FastestTiktoken
Fast OpenAI-compatible tokenization for Elixir.
FastestTiktoken is a Rustler-backed Elixir library built on the
high-performance pure-Rust tiktoken crate.
It is designed for projects that need exact OpenAI tokenizer behavior without
depending on older wrappers around tiktoken-rs.

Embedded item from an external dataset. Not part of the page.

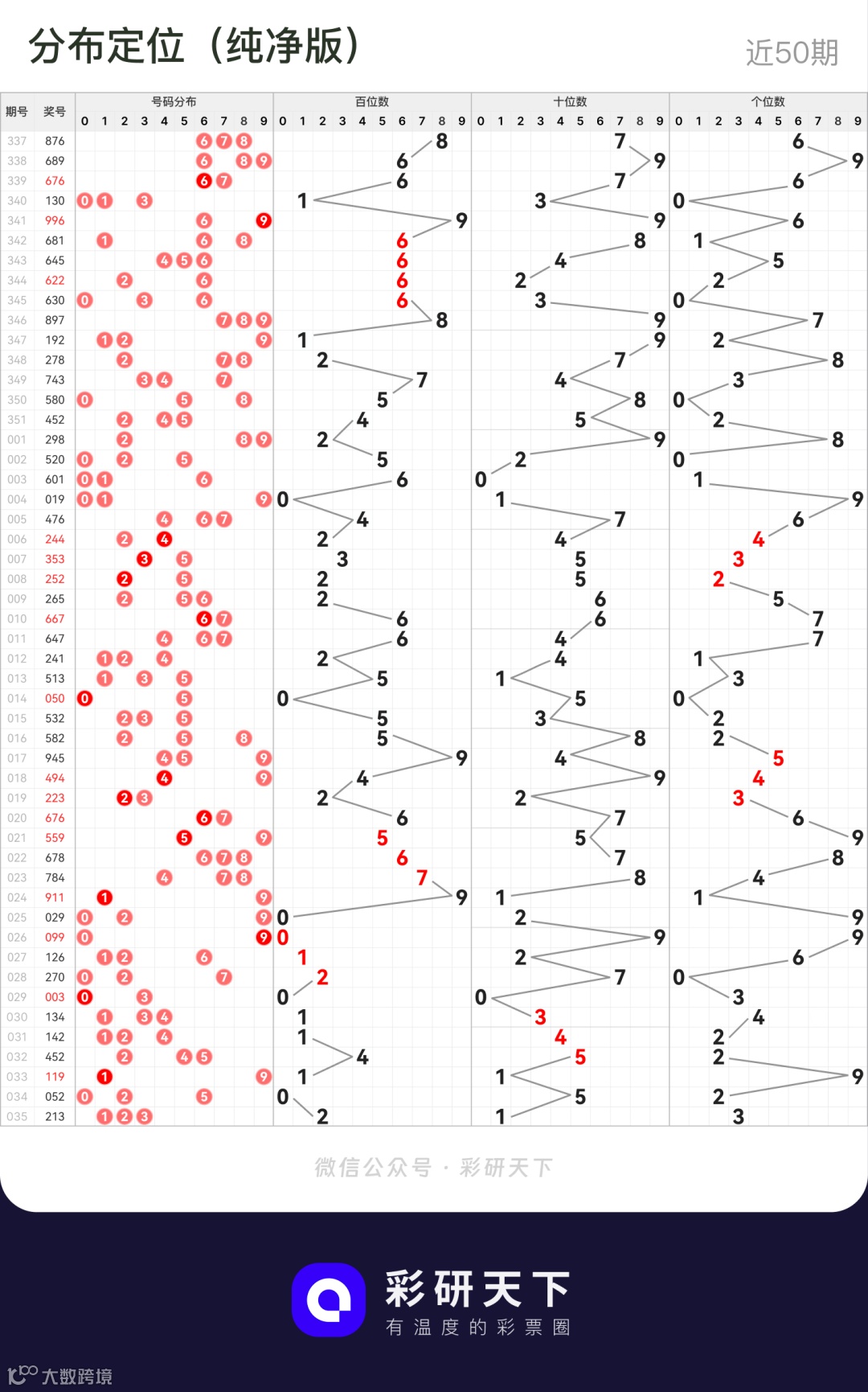 号码冷热、走势、分布、遗漏、定位等重要信息
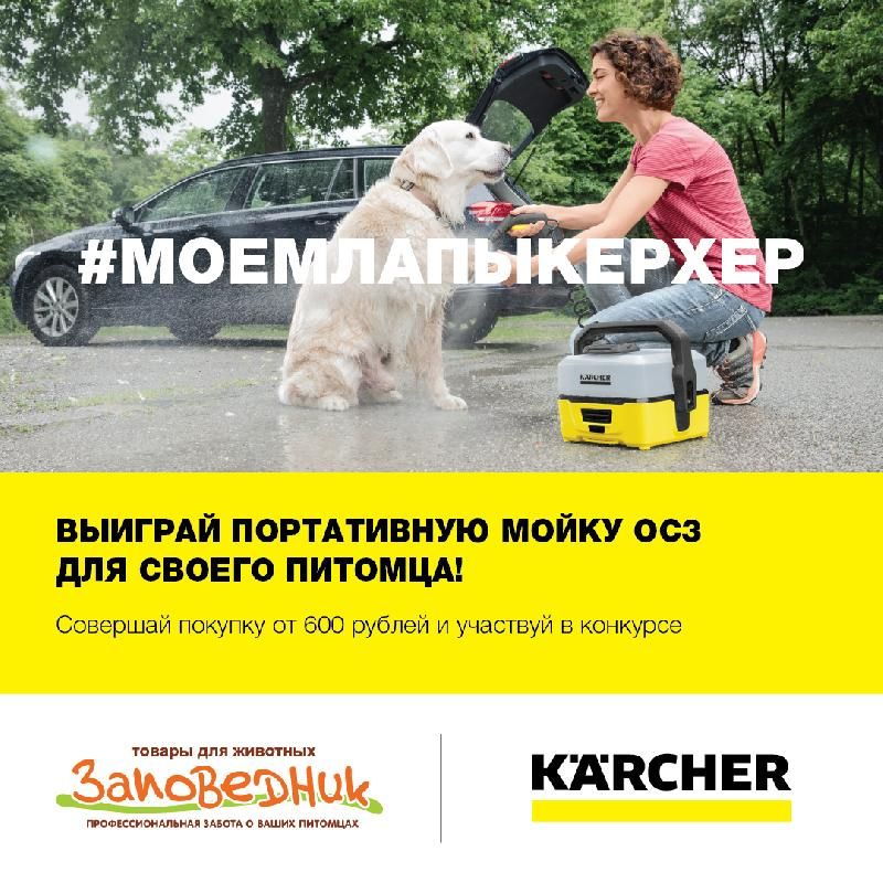 Внимание! Сеть зоомагазинов "Заповедник" совместно с karcher_russia объявляют конкурс!

Full public-behavior parity is tested against official OpenAI
tiktoken0.13.0 for the OpenAI
encodings and API surfaces exposed here: model mapping, GPT-2/r50k fixtures,
regex edge cases, roundtrips, special-token handling, o200k_harmony, large
inputs, and batch helpers.
Installation
Add fastest_tiktoken to your dependencies:
def deps do
[
{:fastest_tiktoken, "~> 0.1.1"}
]
endThen fetch and compile:
mix deps.get
mix compilePublished releases use precompiled NIFs from GitHub Releases. Local source builds require Rust 1.94 or newer.
Quick Start
Count tokens by OpenAI model:
iex> FastestTiktoken.count_tokens("hello world", model: "gpt-4o")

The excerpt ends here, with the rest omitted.